Cardiff Bay History


Your boat trip will take you out onto Cardiff Bay, where it’s hard to imagine these waters were once thriving with commercial ships during the Industrial Revolution laden with coal from the South Wales pits destined for the four corners of the World. During this time, many immigrants decided to make a new life for themselves in and around Cardiff bay. The docklands soon developed into a thriving multicultural community and famously nicknamed ‘Tiger Bay’.

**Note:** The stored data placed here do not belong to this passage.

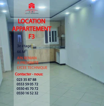 A LOUER: APPARTEMENT F3 - 3E- 66M² - AIN BENIAN. Aïn Benian, à proximité du lycée "Technique", dans une promotion immobilière, Casa Immo met en location un appartement de type F3 au 3
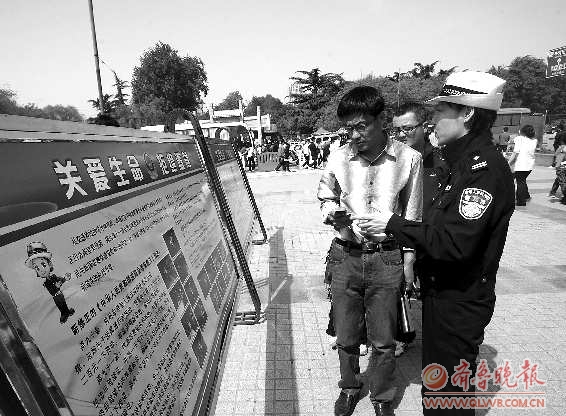 5月1日,济南历下交警大队在泉城广场对﹃醉驾入刑﹄等法律法规进行宣传。本报记者  杜洪雷  通讯员  李晓斌  摄影报道   
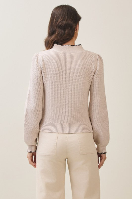 Sweet with a touch of sophistication, the Whip Stitch Bow Cardigan is the perfect piece to take you from workdays to holiday parties. Featuring a beautiful sand knit base with contrasting black whip stitch detailing and functional black buttons down the front, it’s as versatile as it is charming.
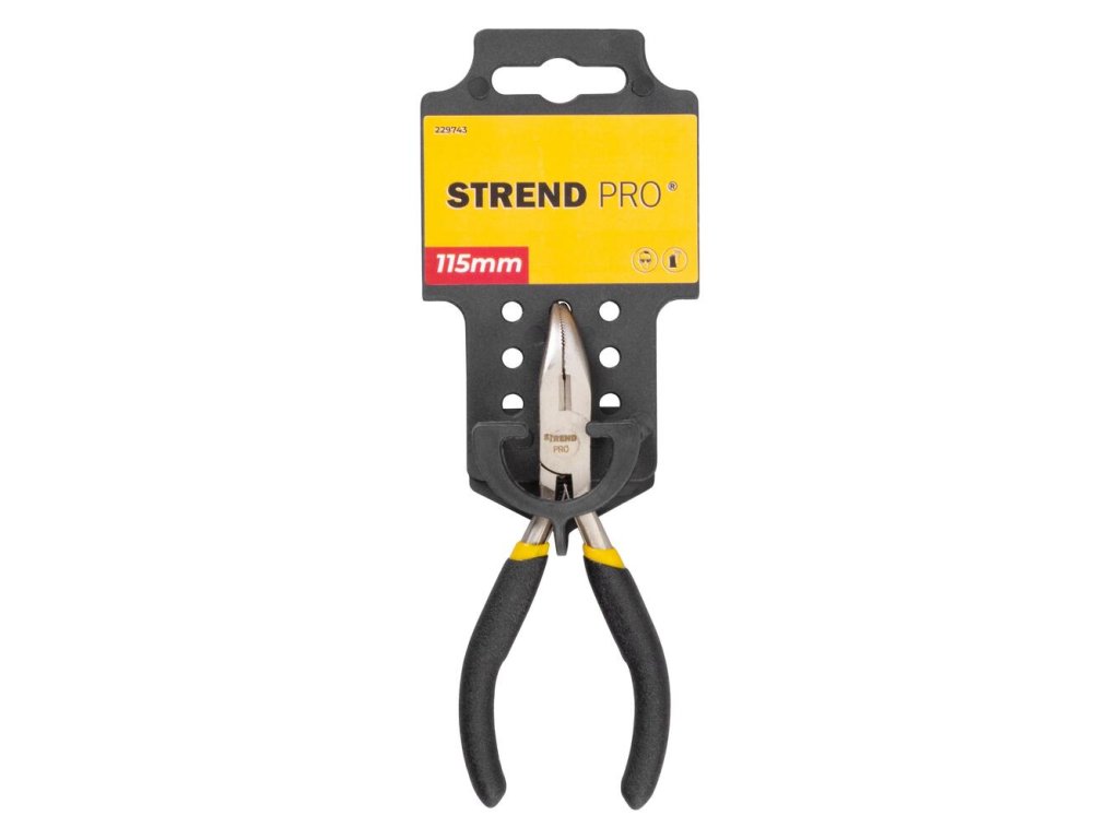 Vyhnuté kliešte Strend Pro by nemali chýbať vo vašej dielni. Sú vhodné pre prácu v ťažko prístupných miestach. Dĺžka je 115 mm.

Bay cooperation was formed with the aim to regenerate and transform Cardiff Bay after the demise of this once busy coal port by the building of the tidal barrage, which created a 500-acre fresh water lake that is fed by both the River Taff and Ely. Now internationally known as one of the finest and most successful waterside regenerations in Europe.

The regeneration is still very much on going, with the 7 hundred million pound international sports village. Also situated in and around the bay is the new Welsh Assembly building and the World-renowned Millennium Centre, which sits alongside the Mermaid Quay development, with its cosmopolitan bars, restaurants and  5 star St.David's hotel, all nestled alongside the historic bay buildings such as the Norwegian Church and the old Pierhead building



Cardiff Bay wildlife


Also on your way out onto the bay you will pass the bays wetland wildlife reserve located just past the St David’s hotel, it covers an area of approximately 19-acre. The area was officially opened as a wildlife reserve on 2002, this area had previously been a salt marsh, but after the Barrage created 200 hectares of freshwater lake, the reserve was developed.

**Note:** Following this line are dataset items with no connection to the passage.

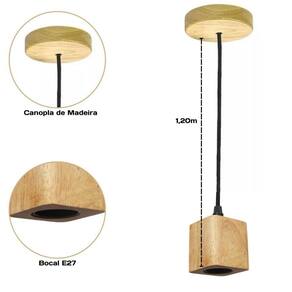 Especificações do Pendente: - Materiais do Pendente: Madeira e fio - Modelo: Pendente Quadrado - Cabo ajustável - Bocal de madeira com rosca E27 - Voltagem: Bivolt - Potência máxima por pendente: Até 50W - Base para fixação no teto: Metal - Tampa/Canopla: Redonda de madeira - Fiação: Fio PP com Acabamento em tecido - Acompanha peças para montagem e instalação do produto - Indicado para uso: Interno
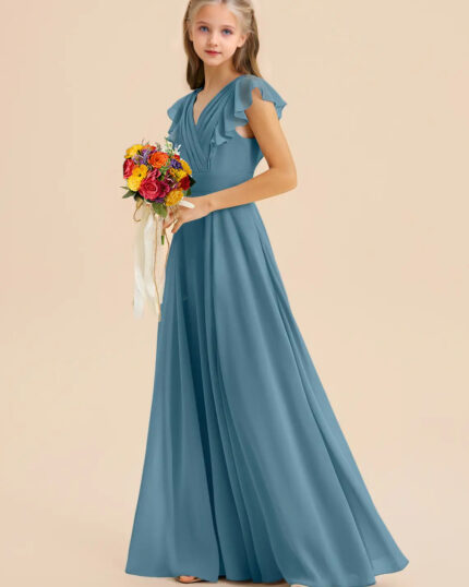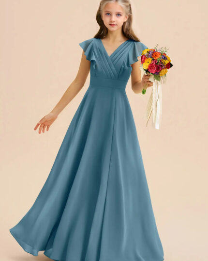 Jirocum Kaleigh Junior Bridesmaid Dresses A-Line Pleated Chiffon Dress
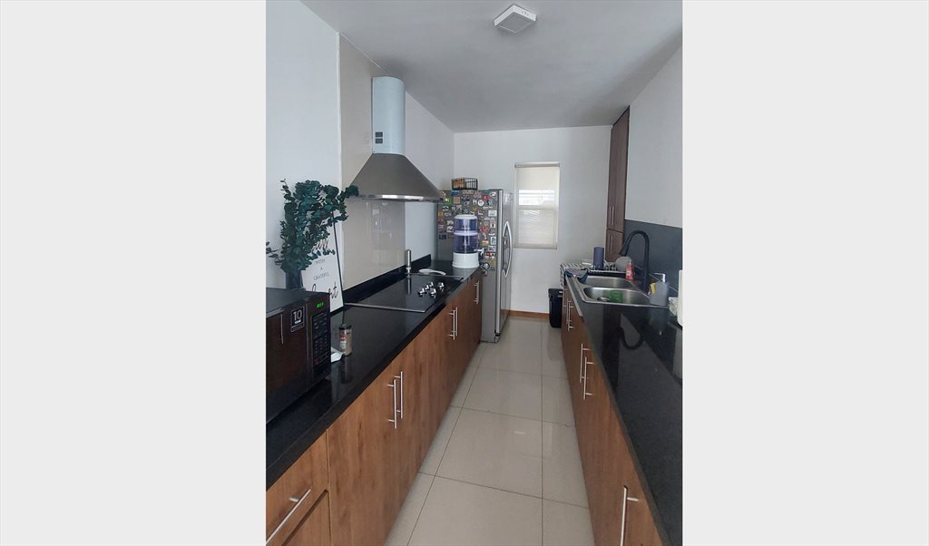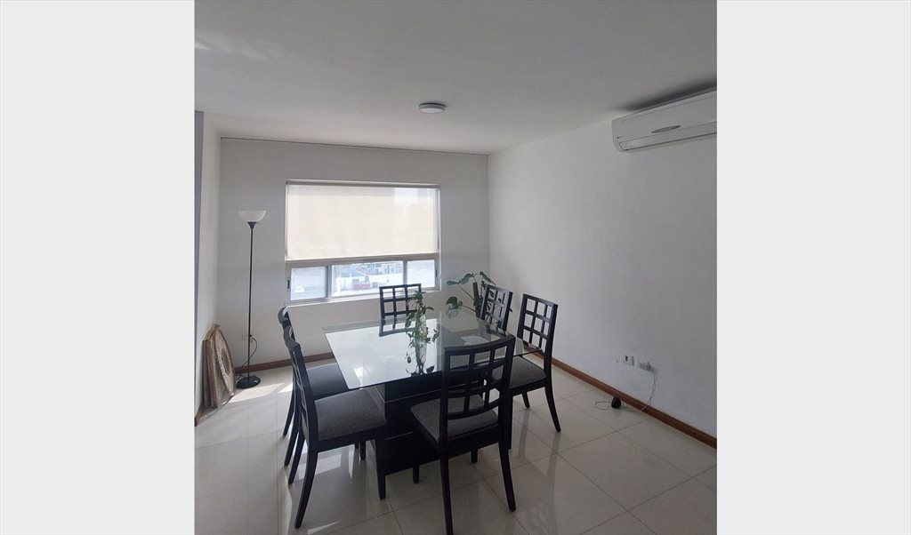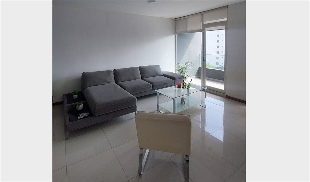 El departamento cuenta con sala, comedor, cocina integral, refrigerador, estufa, microondas, centro de lavado y aire acondicionado en áreas comunes.
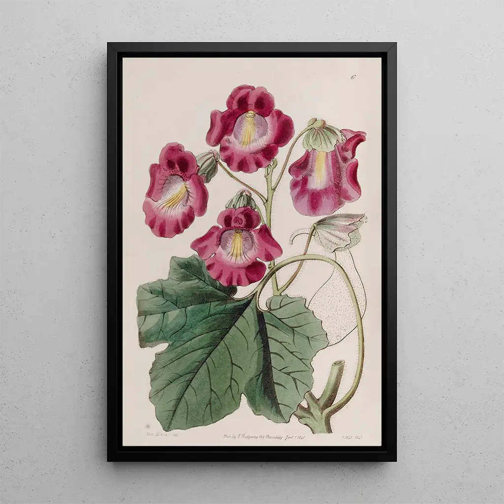 Konsttrycket av Martynie odorante av Sydenham Edwards är ett verk som framkallar känslan av ömtålighet och rikedom i blommornas värld. Med sina mjuka nyanser och eleganta former förflyttar denna målning betraktaren till en frodig trädgård där naturen blomstrar. De noggranna detaljerna i kronblad och blad, utförda med en förfinad teknik, skapar en atmosfär av lugn och skönhet. Varje element i kompositionen verkar berätta en historia och inbjuder till en visuell upptäcktsresa i botanikens underverk.
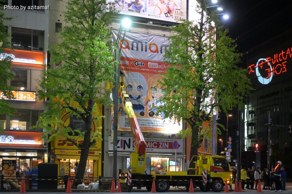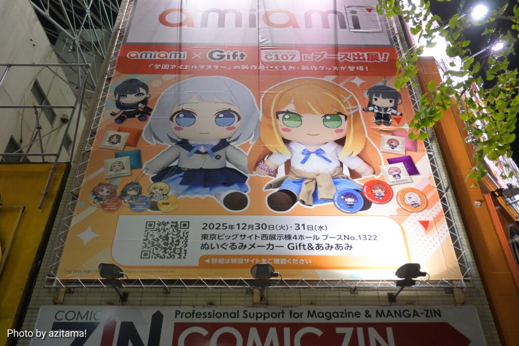 COMICZIN秋葉原店の壁面広告が11月末に更新されて、『あみあみ×Gift』C107にブース出展!の広告が掲載されている。
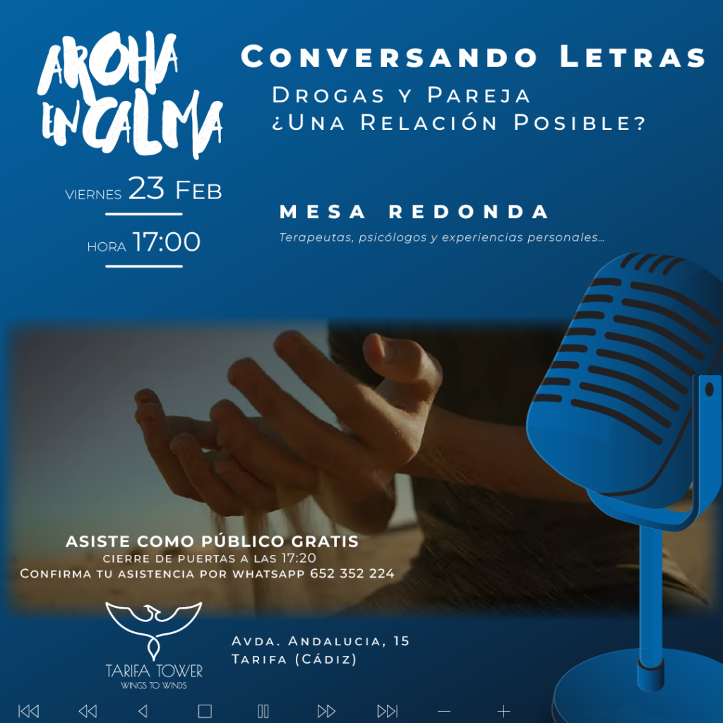 Conversando letras de Aroha en Calma nos llevará este viernes desde las 17.00 h en Tarifa Tower Studios (Avda Andalucía 15) al mundo de las drogas y la pareja, el público asistente podrá participar con preguntas y reflexiones a micrófono abierto. Las plazas son gratuitas y limitadas hasta completar aforo. Tienes toda la información en el cartel.

The bay rivers and logons plays host to over 100 spaces of bird , wading birds and ducks including Herons, Coots, Grebes, Teal, Snipe, Swans, Mallards, Tufted Duck, Coots and Kingfishers. During the summer months, the Bay also attracts hundreds of Swifts, Swallows and Martins, which feed on the many insects, which emerge from the water. Looking out over the Bay from the Barrage you will see Cormorants diving for fish and Rock Pipits, Wheatears, Wagtails and Turnstones picking their way along the shoreline. 

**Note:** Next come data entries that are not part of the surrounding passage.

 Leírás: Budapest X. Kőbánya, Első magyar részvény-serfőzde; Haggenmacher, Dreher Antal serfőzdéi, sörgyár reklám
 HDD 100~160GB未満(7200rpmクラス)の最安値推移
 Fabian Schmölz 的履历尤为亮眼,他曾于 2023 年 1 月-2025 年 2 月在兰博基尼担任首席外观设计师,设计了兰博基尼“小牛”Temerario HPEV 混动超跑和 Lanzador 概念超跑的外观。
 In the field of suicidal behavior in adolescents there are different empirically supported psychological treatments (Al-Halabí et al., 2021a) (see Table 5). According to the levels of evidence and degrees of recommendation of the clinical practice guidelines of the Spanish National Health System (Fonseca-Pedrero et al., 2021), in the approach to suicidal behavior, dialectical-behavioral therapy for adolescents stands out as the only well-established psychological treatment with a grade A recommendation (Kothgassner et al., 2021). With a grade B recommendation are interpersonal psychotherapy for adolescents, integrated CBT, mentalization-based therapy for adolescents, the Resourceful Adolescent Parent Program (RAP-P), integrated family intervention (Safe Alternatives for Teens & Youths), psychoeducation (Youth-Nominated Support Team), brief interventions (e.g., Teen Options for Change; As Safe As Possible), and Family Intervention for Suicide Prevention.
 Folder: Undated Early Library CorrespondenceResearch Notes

The Environment Agency has carried out several coarse fish surveys in the Bay on behalf of Cardiff Harbour Authority. The main species recorded to date are - Chub, Roach, Mullet, Minnow, Stickleback, Eel, Grayling, Gudgeon, Barbel, Rudd, Dace, Stone loach, Carp, Bream, Bullhead, Salmon and Trout also travel up through the barrage fish pass from the sea on their migratory swim up the Rivers Taff and Ely.